Dit onderzoek leert ook dat sommige zaken van alle tijden zijn. Ik denk aan de prijs die is verbonden aan militaire inzet onder oorlogsomstandigheden of daarmee vergelijkbare situaties. We denken doorgaans vooral aan diegenen die tijdens zulke inzet het leven verloren. Dit onderzoek herinnert ons er echter aan dat ook militairen die aan vredesoperaties deelnemen lichamelijk of psychisch gewond kunnen raken. Zo heeft de inzet in Libanon zijn sporen nagelaten, en voor veel van de betrokken militairen en veteranen leeft deze uitzending nog iedere dag.
Dat is overigens niet in alle gevallen zorgelijk, want in menig opzicht, zo leert dit onderzoek ook, klinkt Libanon tevens positief door. Zo geldt voor het overgrote deel van de Libanongangers dat ze hun uitzending nooit hadden willen missen. Ze hebben immers geleerd onder moeilijke omstandigheden hun werk professioneel te doen, ze hebben leren relativeren, en ze hebben kameraadschap ervaren.

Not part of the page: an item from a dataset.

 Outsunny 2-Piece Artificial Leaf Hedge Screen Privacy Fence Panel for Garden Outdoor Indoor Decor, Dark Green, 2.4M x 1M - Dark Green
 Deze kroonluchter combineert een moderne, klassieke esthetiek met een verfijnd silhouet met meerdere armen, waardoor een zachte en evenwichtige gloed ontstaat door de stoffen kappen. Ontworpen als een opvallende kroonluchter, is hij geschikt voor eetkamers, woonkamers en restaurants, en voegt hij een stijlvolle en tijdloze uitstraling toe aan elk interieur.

Er valt echter meer positiefs te melden. Je kunt constateren dat de samenleving geleidelijk meer oog krijgt en waardering heeft voor het lot van de militairen die Nederland uitzendt naar conflicthaarden. Dat geldt ook voor de Libanongangers, die zich onder moeilijke omstandigheden hebben ingezet voor de vrede en veiligheid in het gebied. Ik ben er van overtuigd dat die waardering nog een extra impuls krijgt op het moment dat de nu voorliggende onderzoeksresultaten in brede kring bekend zullen worden. Een woord van dank aan diegenen die het onderzoek hebben opgezet en uitgevoerd is dan ook op z’n plaats. Mijn belangrijkste dank gaat uit naar al die Libanongangers die zich toen van hun beste kant hebben laten zien, en die ook nu de belangrijkste factor bij het welslagen van dit onderzoek vormden.
Cees van der Knaap Staatssecretaris van Defensie
Ongeveer 25 jaar geleden namen ruim 9.000 Nederlandse militairen deel aan de vredesmissie UNIFIL in Zuid-Libanon. De meesten mogen zich inmiddels veteraan noemen, maar hoe gaat het nu met ze?

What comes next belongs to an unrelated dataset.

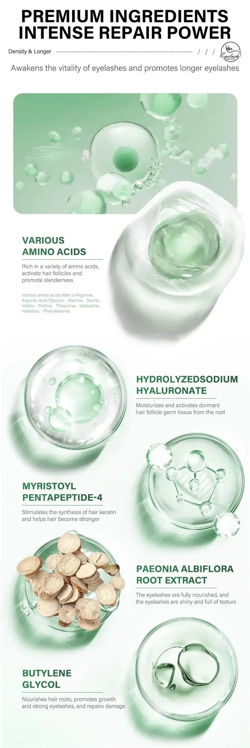 Contém fatores de promoção do crescimento dos cílios para despertar olliculos de cabelo dormindo e tornar os cílios mais grossos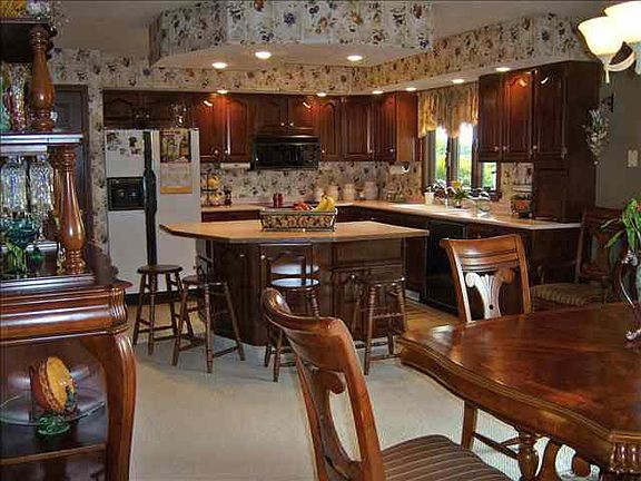 A beautiful country setting! Sitting on 10.9 acres is this 3 BR, 2 bath, custom built home w/split floor plan, nice entry w/coat closet, kitchen/dining room combo, DW & fridge stay. Dining room offers patio doors to back deck to sit & watch the wildlife from. LR features full brick gas log frpl., crown molding & cathedral ceiling. Fireplace could be converted back to wood burning. Spare bedrooms both have dbl. closets. Master bdrm. with crown molding & large walk-in closet w/dressing area. Master bath has shower/tub combo & linen closet. 6 panel doors thru-out, Andersen windows, newer heat pump (CA), newer patio doors, hardwood laminate flooring, berber carpet. Stocked, spring-fed pond! Great county setting within walking distance to town-ride your bikes to get a Jerry's Ice Cream cone! Water filtration system is rental-$16/mo.

In het UNIFIL-onderzoek zijn de gezondheid en het welzijn van de Libanongangers en het gebruik van professionele hulp onderzocht.
Over het effect van deelname aan internationale vredesoperaties op de gezondheid is steeds meer bekend.
Veel militairen zijn trots op hun bijdrage aan vrede in de wereld en op hun prestaties. De sterke band met collega’s wordt dikwijls als positief ervaren. De meeste militairen komen gezond terug. Helaas is er na vrijwel iedere oorlog of vredesoperatie ook een groep militairen die gezondheidsklachten krijgt. Soms pas jaren na terugkeer. Zo ook na UNIFIL.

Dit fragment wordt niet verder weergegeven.